* _WHAT THE TASK ASKS_:
Each entry is to be given again word for word; images are dropped.

[DATA EXTRACTS]

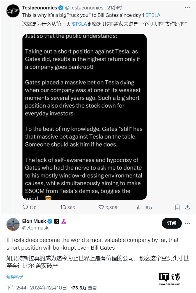 IT之家 12 月 11 日消息,埃隆・马斯克(Elon Musk)今天在 X 平台发文称,如果特斯拉的股价继续上涨到一定水平,全球的空头都将被消灭,甚至包括曾经的全球首富比尔・盖茨(Bill Gates)。
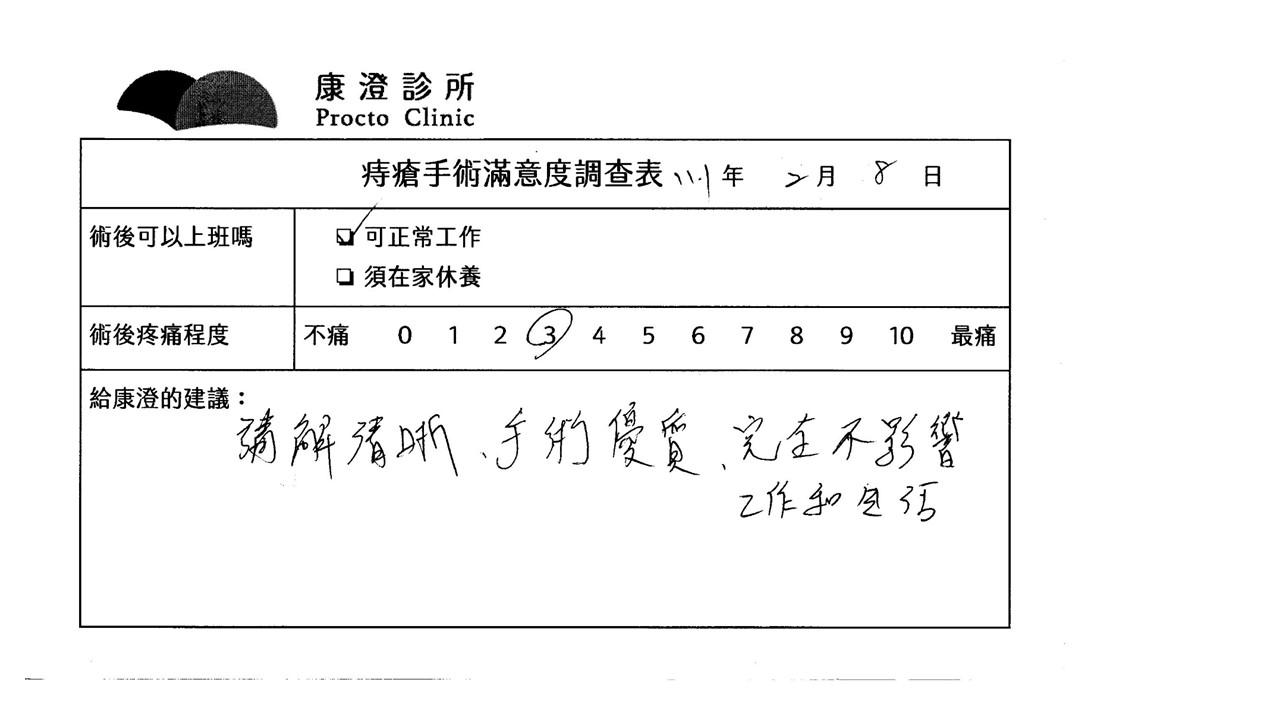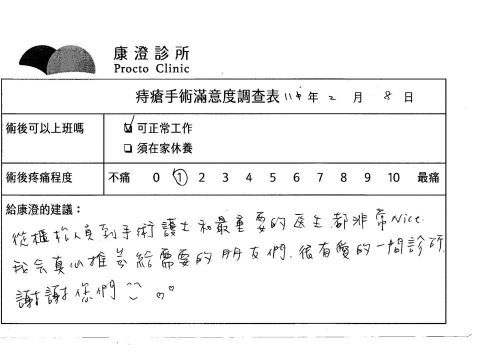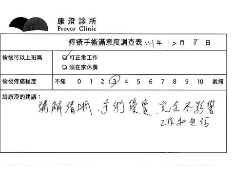「困擾了20多年的三期內痔,終於在幾天內就解決了,原以為會很疼痛的手術及復原過程,結果真是神奇啊!不會痛呢!長效針應該是有用的,前幾天主要是腫脹,感謝林醫師,以及術後時時電話關心的小護士們,很棒!」
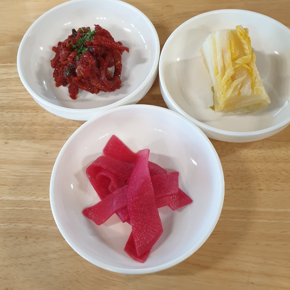 밑반찬에는 고명에 올라가는 명태 회무침과 김치, 무생채가 나왔습니다.
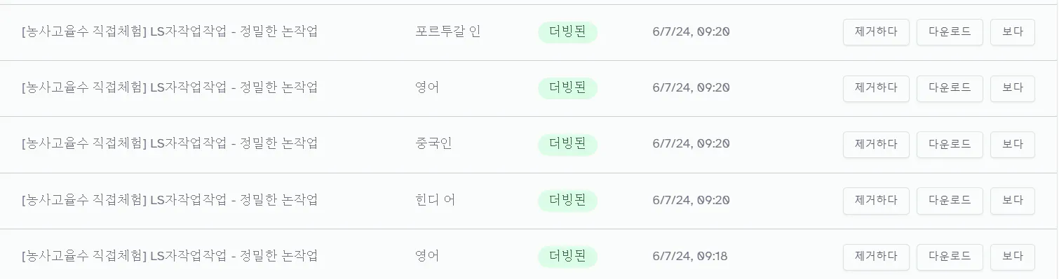 1분도 안되는 시간에 해당 언어 적용된 영상을 만들고 다운로드 받을 수 있게 해줍니다.
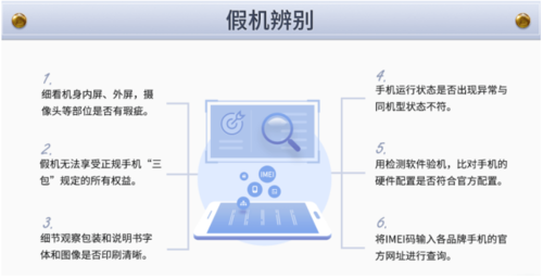 比如,在购机前,消费者可以通过鲁大师或者手机品牌官网,对想要购买的手机配置做一个大致了解;购机时,仔细观察手机包装和字体图像是否印刷清晰,仔细查看机身外屏、内屏及手机摄像头有无瑕疵;购机后,一旦产生问题,可以将IMEI码直接在手机官网查询处输入,或者最简单便捷的方式是登录鲁大师手机APP,免费为消费者提供手机硬件测试,看看是否与官方硬件配置相符。
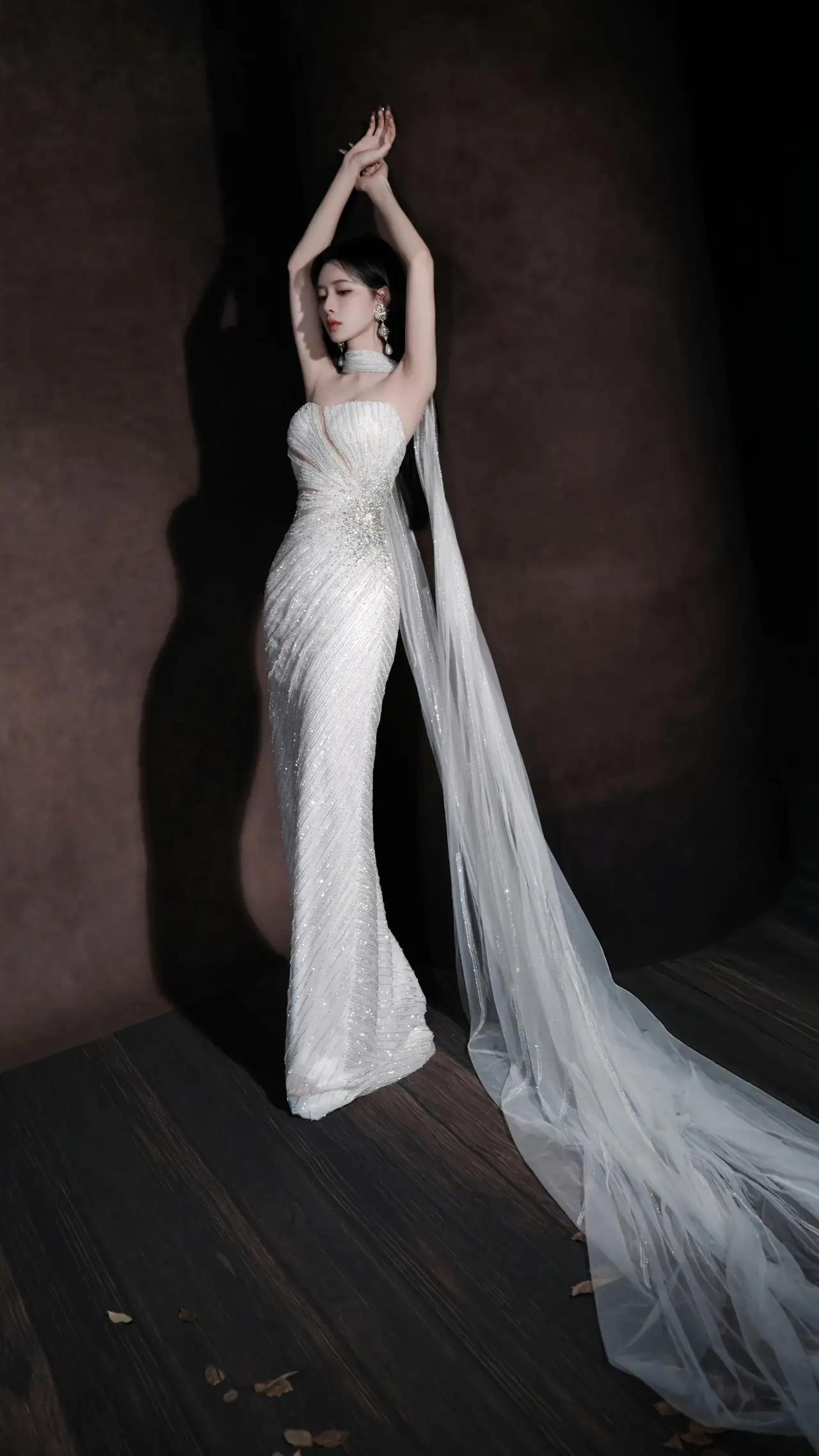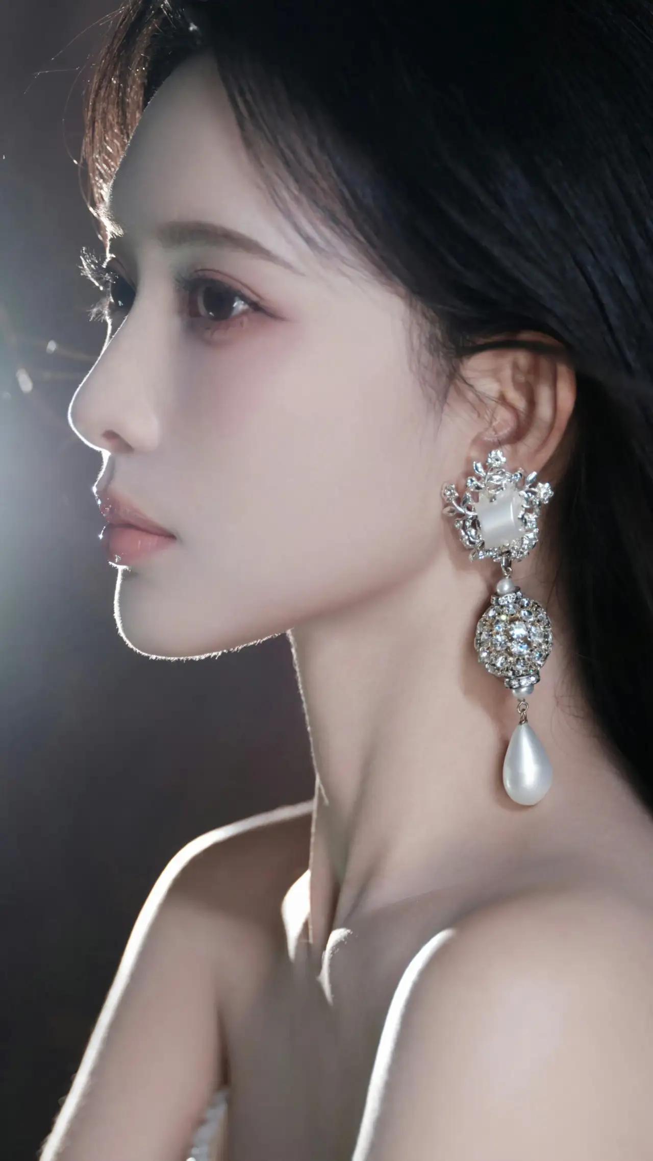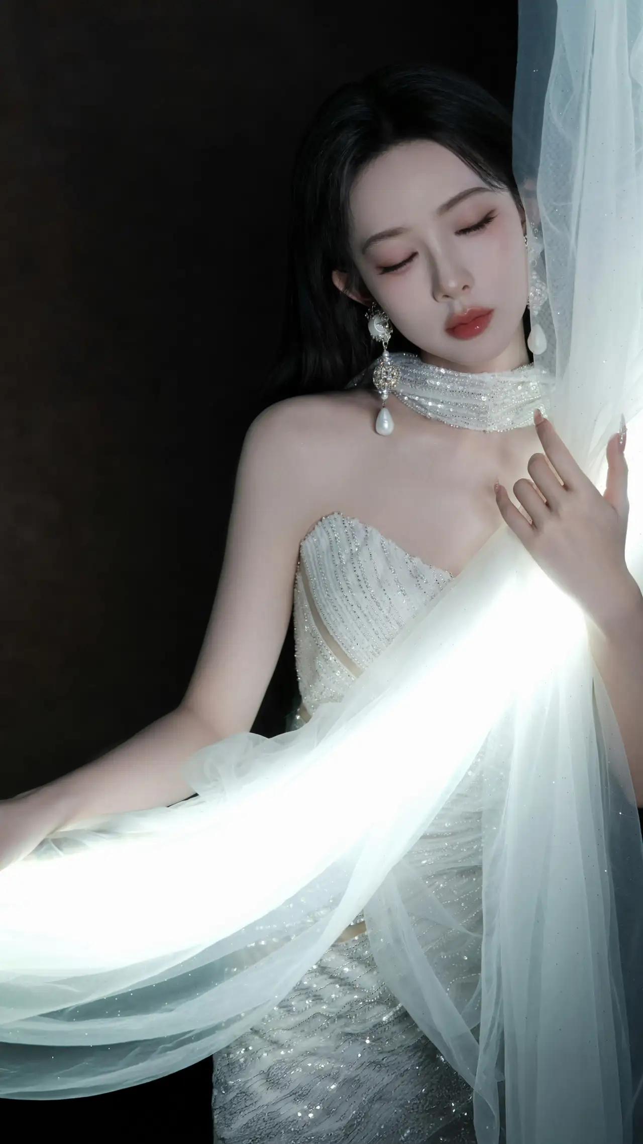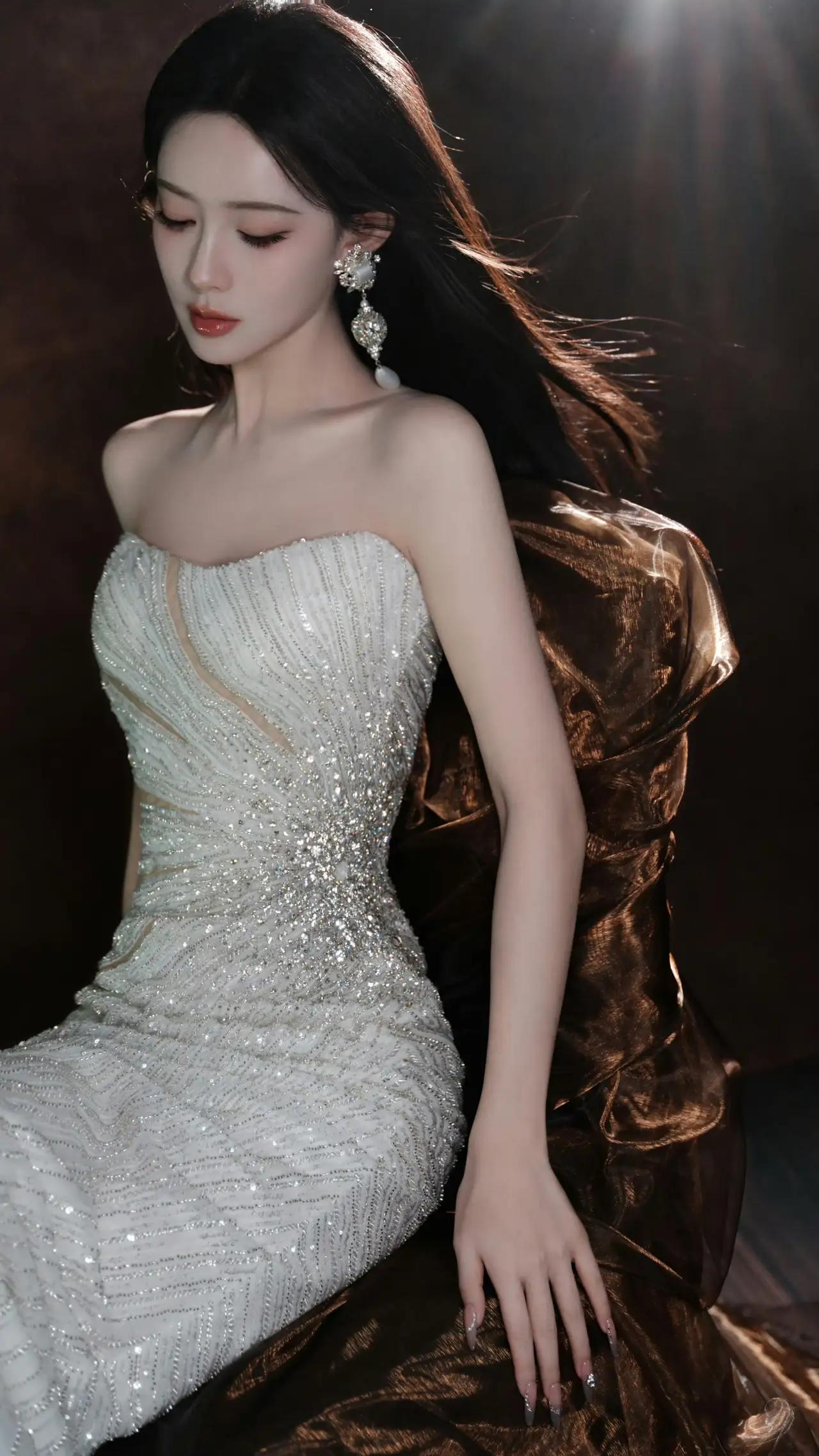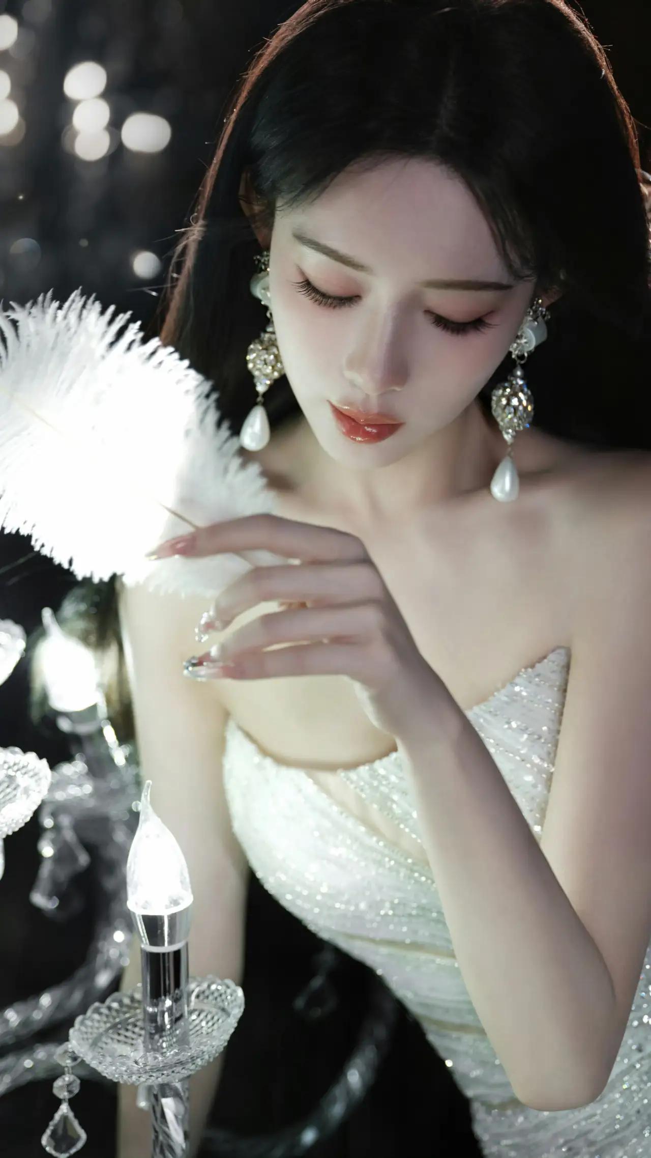 美女壁纸~孟子义,光影织就浪漫,碎钻缀满温柔,一袭抹胸闪钻白裙,搭配珍珠钻饰耳坠与颈间钻圈,将优雅与贵气揉进每一寸细节

[/DATA EXTRACTS]

* _SOLUTION_:
 IT之家 12 月 11 日消息,埃隆・马斯克(Elon Musk)今天在 X 平台发文称,如果特斯拉的股价继续上涨到一定水平,全球的空头都将被消灭,甚至包括曾经的全球首富比尔・盖茨(Bill Gates)。
「困擾了20多年的三期內痔,終於在幾天內就解決了,原以為會很疼痛的手術及復原過程,結果真是神奇啊!不會痛呢!長效針應該是有用的,前幾天主要是腫脹,感謝林醫師,以及術後時時電話關心的小護士們,很棒!」
 밑반찬에는 고명에 올라가는 명태 회무침과 김치, 무생채가 나왔습니다.
 1분도 안되는 시간에 해당 언어 적용된 영상을 만들고 다운로드 받을 수 있게 해줍니다.
 比如,在购机前,消费者可以通过鲁大师或者手机品牌官网,对想要购买的手机配置做一个大致了解;购机时,仔细观察手机包装和字体图像是否印刷清晰,仔细查看机身外屏、内屏及手机摄像头有无瑕疵;购机后,一旦产生问题,可以将IMEI码直接在手机官网查询处输入,或者最简单便捷的方式是登录鲁大师手机APP,免费为消费者提供手机硬件测试,看看是否与官方硬件配置相符。
 美女壁纸~孟子义,光影织就浪漫,碎钻缀满温柔,一袭抹胸闪钻白裙,搭配珍珠钻饰耳坠与颈间钻圈,将优雅与贵气揉进每一寸细节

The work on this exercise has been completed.